(TASK GOAL) When you transcribe the data below, reproduce every line exactly and leave each picture out.

(SUPPLIED MATERIAL)
+++++

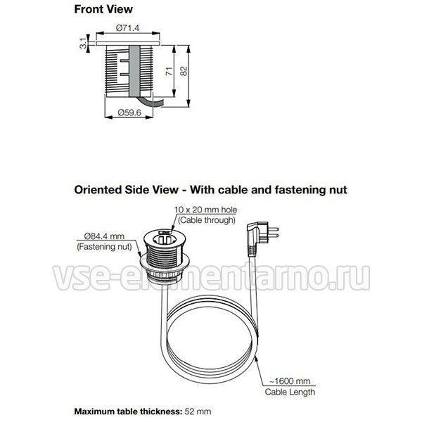 Kondator 935-PM60W – удобная встраиваемая розетка с кабель-каналом, позволяющая элегантно организовать провода на рабочем месте. Устройство не займет много места благодаря небольшим габаритам (72х72х82 мм). Диаметр выреза в столе: 60 мм. Длина кабеля питания: 1500 мм. Цвет: белый.
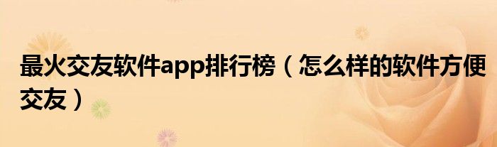 最火交友軟件app排行榜(怎么樣的軟件方便交友)
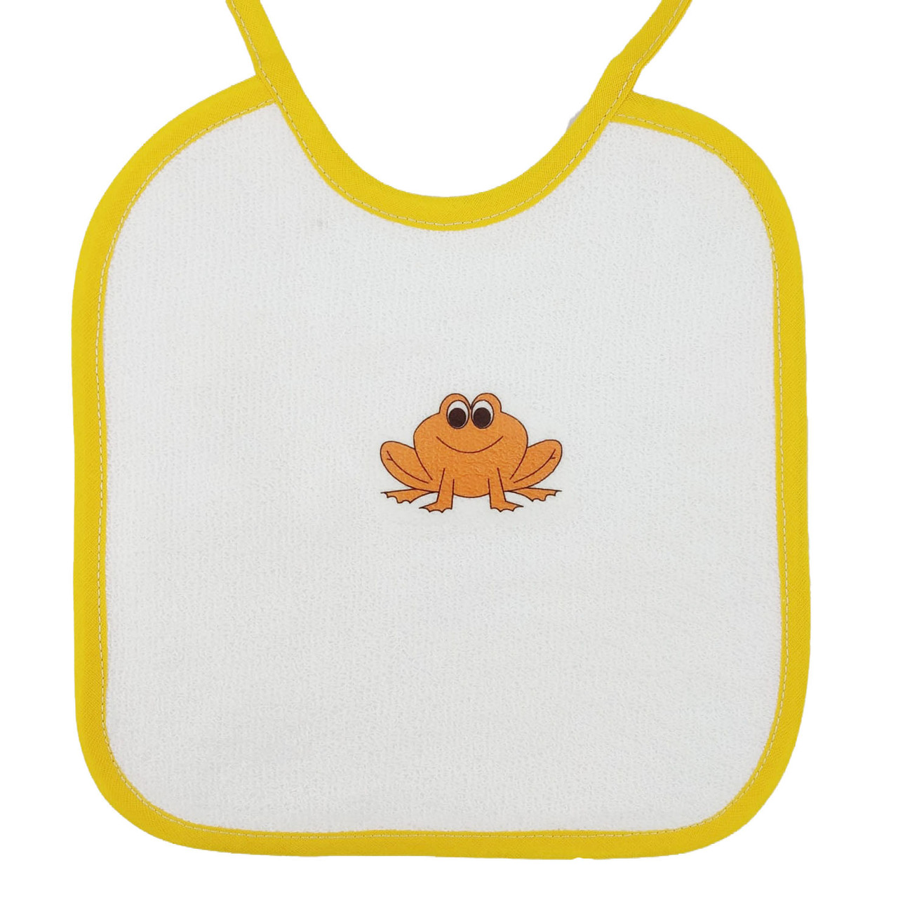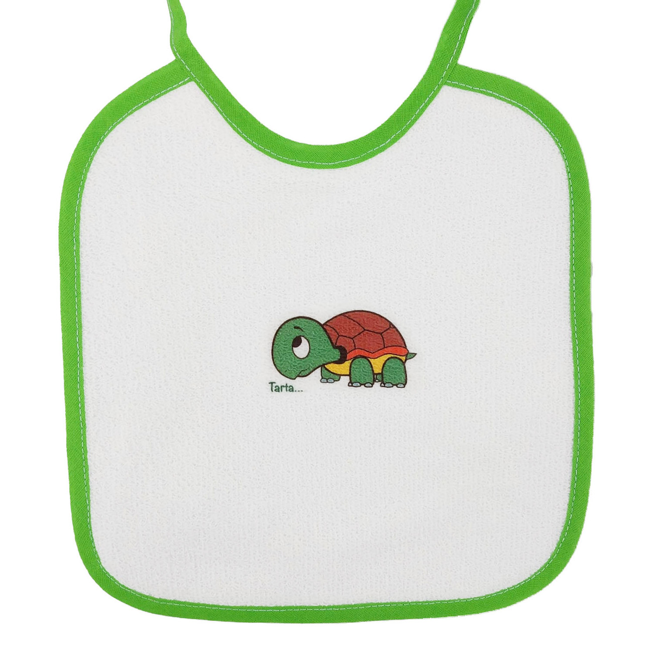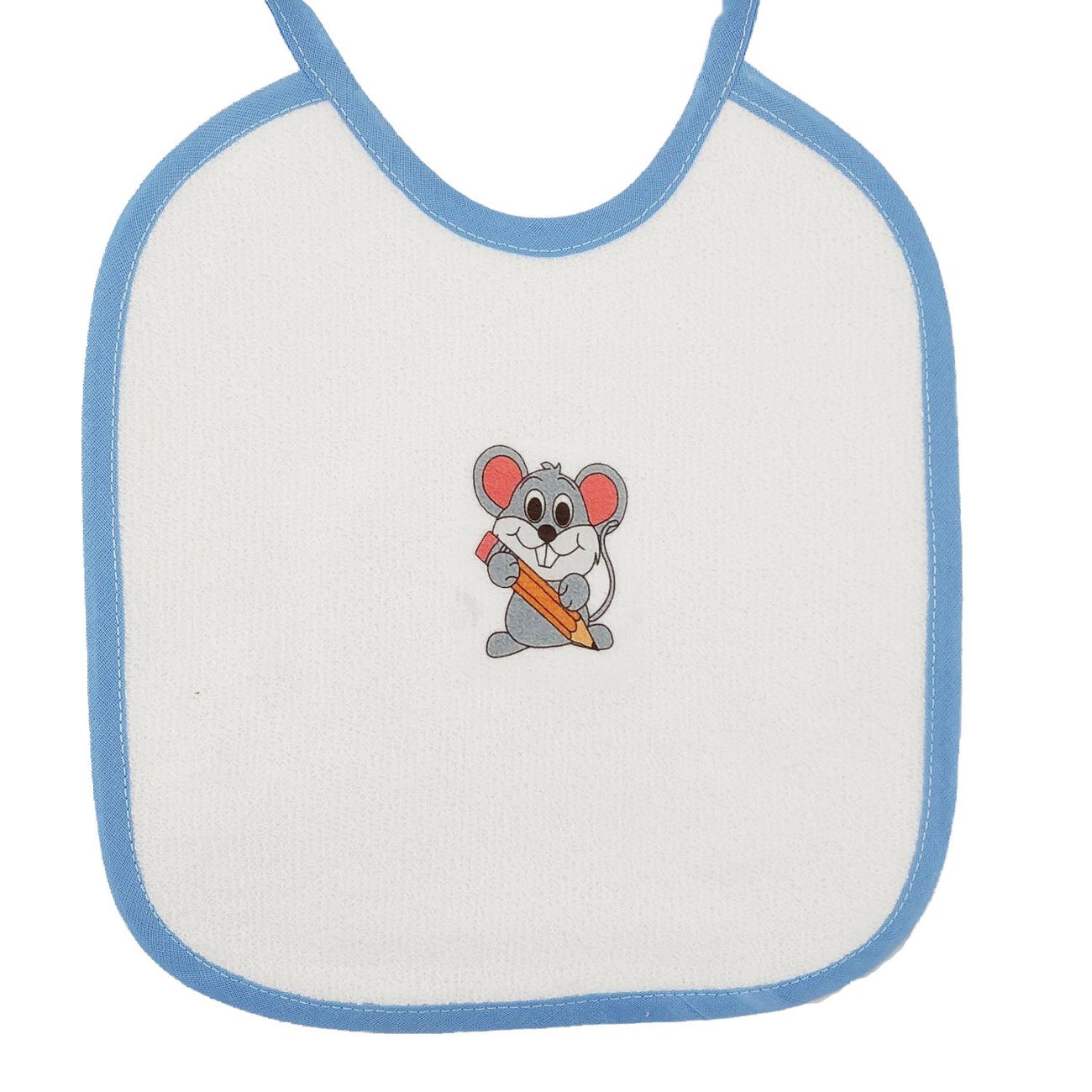 Bavaglini piccoli in cerata impermeabile , con lacci e con disegni vari .
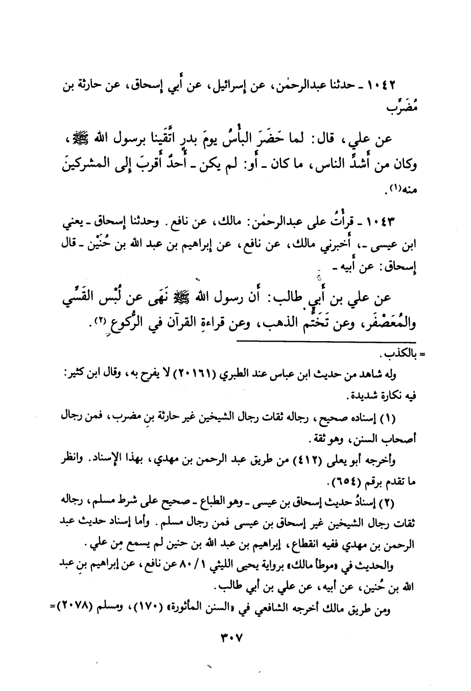 ١٠٤٣ - قَرَأْتُ عَلَى عَبْدِ الرَّحْمَنِ، عَنْ مَالِكٍ، عَنْ نَافِعٍ، وَحَدَّثَنَا إِسْحَاقُ يَعْنِي ابْنَ عِيسَى، أَخْبَرَنِي مَالِكٌ، عَنْ نَافِعٍ، عَنْ إِبْرَاهِيمَ بْنِ عَبْدِ اللهِ بْنِ حُنَيْنٍ، قَالَ إِسْحَاقُ: عَنْ أَبِيهِ، عَنْ عَلِيِّ بْنِ أَبِي طَالِبٍ: " أَنَّ رَسُولَ اللهِ صَلَّى اللهُ عَلَيْهِ وَسَلَّمَ نَهَى عَنْ لُبْسِ الْقَسِّيِّ، وَالْمُعَصْفَرِ، وَعَنْ تَخَتُّمِ الذَّهَبِ، وَعَنْ قِرَاءَةِ الْقُرْآنِ فِي الرُّكُوعِ " (٢)

+++++

(THE COMPLETED TASK)
 Kondator 935-PM60W – удобная встраиваемая розетка с кабель-каналом, позволяющая элегантно организовать провода на рабочем месте. Устройство не займет много места благодаря небольшим габаритам (72х72х82 мм). Диаметр выреза в столе: 60 мм. Длина кабеля питания: 1500 мм. Цвет: белый.
 最火交友軟件app排行榜(怎么樣的軟件方便交友)
 Bavaglini piccoli in cerata impermeabile , con lacci e con disegni vari .
 ١٠٤٣ - قَرَأْتُ عَلَى عَبْدِ الرَّحْمَنِ، عَنْ مَالِكٍ، عَنْ نَافِعٍ، وَحَدَّثَنَا إِسْحَاقُ يَعْنِي ابْنَ عِيسَى، أَخْبَرَنِي مَالِكٌ، عَنْ نَافِعٍ، عَنْ إِبْرَاهِيمَ بْنِ عَبْدِ اللهِ بْنِ حُنَيْنٍ، قَالَ إِسْحَاقُ: عَنْ أَبِيهِ، عَنْ عَلِيِّ بْنِ أَبِي طَالِبٍ: " أَنَّ رَسُولَ اللهِ صَلَّى اللهُ عَلَيْهِ وَسَلَّمَ نَهَى عَنْ لُبْسِ الْقَسِّيِّ، وَالْمُعَصْفَرِ، وَعَنْ تَخَتُّمِ الذَّهَبِ، وَعَنْ قِرَاءَةِ الْقُرْآنِ فِي الرُّكُوعِ " (٢)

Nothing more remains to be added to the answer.